Reproduce the listing below exactly. Pictures do not belong in the copy.

▶ _Supplied data_
****

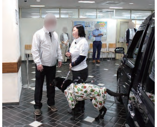
ユニバーサルドライバー研修
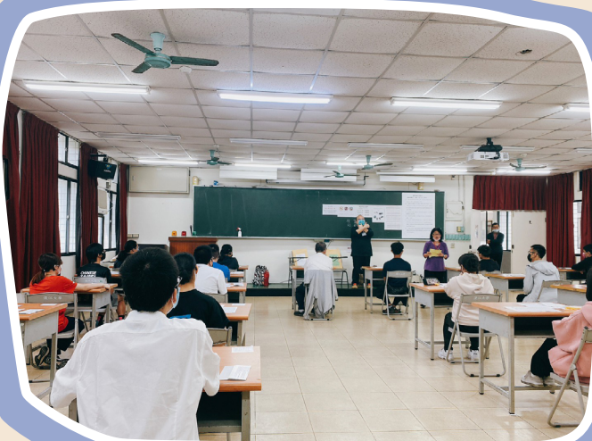
▲ 112 學年度身障甄試已於 3 月 27 日圓滿落幕

考試成績將於 112 年 5 月 2 日（二）上午 10 時公告於甄試網站，網路選填志願時間為 112 年 5 月 30 日（二）上午 9 時至 112 年 6 月 6 日（二）下午 5 時止，統一分發結果於 112 年 6 月 14 日（三）上午 10 時公告於甄試網站。詳細資訊請參閱甄試簡章或至甄試網站查詢。（特教科 林佳怡）

****

▶ _Result of the task_
ユニバーサルドライバー研修
▲ 112 學年度身障甄試已於 3 月 27 日圓滿落幕

考試成績將於 112 年 5 月 2 日（二）上午 10 時公告於甄試網站，網路選填志願時間為 112 年 5 月 30 日（二）上午 9 時至 112 年 6 月 6 日（二）下午 5 時止，統一分發結果於 112 年 6 月 14 日（三）上午 10 時公告於甄試網站。詳細資訊請參閱甄試簡章或至甄試網站查詢。（特教科 林佳怡）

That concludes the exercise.